── The data
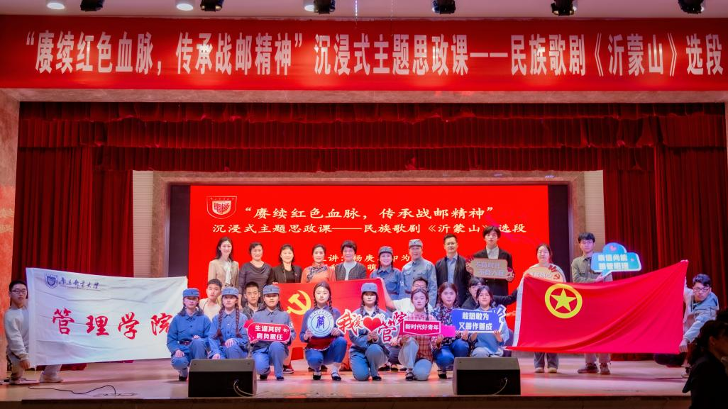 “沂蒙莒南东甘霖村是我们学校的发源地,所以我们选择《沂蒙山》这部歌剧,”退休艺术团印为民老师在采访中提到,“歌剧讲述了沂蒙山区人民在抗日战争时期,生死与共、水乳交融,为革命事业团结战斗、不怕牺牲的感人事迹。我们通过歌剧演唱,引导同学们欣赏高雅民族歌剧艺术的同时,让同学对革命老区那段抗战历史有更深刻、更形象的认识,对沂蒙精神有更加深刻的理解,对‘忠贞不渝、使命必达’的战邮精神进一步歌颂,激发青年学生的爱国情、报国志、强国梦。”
────
── The data
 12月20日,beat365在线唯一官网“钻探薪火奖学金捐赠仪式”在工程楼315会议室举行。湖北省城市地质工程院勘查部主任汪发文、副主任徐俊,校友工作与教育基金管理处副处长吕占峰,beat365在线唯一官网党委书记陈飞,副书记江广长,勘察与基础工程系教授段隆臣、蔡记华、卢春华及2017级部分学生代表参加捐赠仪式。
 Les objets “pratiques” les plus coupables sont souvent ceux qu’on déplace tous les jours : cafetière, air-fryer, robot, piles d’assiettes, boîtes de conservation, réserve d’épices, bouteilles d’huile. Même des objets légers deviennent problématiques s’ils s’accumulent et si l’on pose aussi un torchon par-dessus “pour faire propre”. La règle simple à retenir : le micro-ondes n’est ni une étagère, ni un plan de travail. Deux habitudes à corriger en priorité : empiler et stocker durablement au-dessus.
────
Problem -
The entries above hold a line with "12月20日,beat365" and a later line with "stocker durablement au-dessus.". Write out exactly those lines and all lines between, nothing more.

Problem solution -
 12月20日,beat365在线唯一官网“钻探薪火奖学金捐赠仪式”在工程楼315会议室举行。湖北省城市地质工程院勘查部主任汪发文、副主任徐俊,校友工作与教育基金管理处副处长吕占峰,beat365在线唯一官网党委书记陈飞,副书记江广长,勘察与基础工程系教授段隆臣、蔡记华、卢春华及2017级部分学生代表参加捐赠仪式。
 Les objets “pratiques” les plus coupables sont souvent ceux qu’on déplace tous les jours : cafetière, air-fryer, robot, piles d’assiettes, boîtes de conservation, réserve d’épices, bouteilles d’huile. Même des objets légers deviennent problématiques s’ils s’accumulent et si l’on pose aussi un torchon par-dessus “pour faire propre”. La règle simple à retenir : le micro-ondes n’est ni une étagère, ni un plan de travail. Deux habitudes à corriger en priorité : empiler et stocker durablement au-dessus.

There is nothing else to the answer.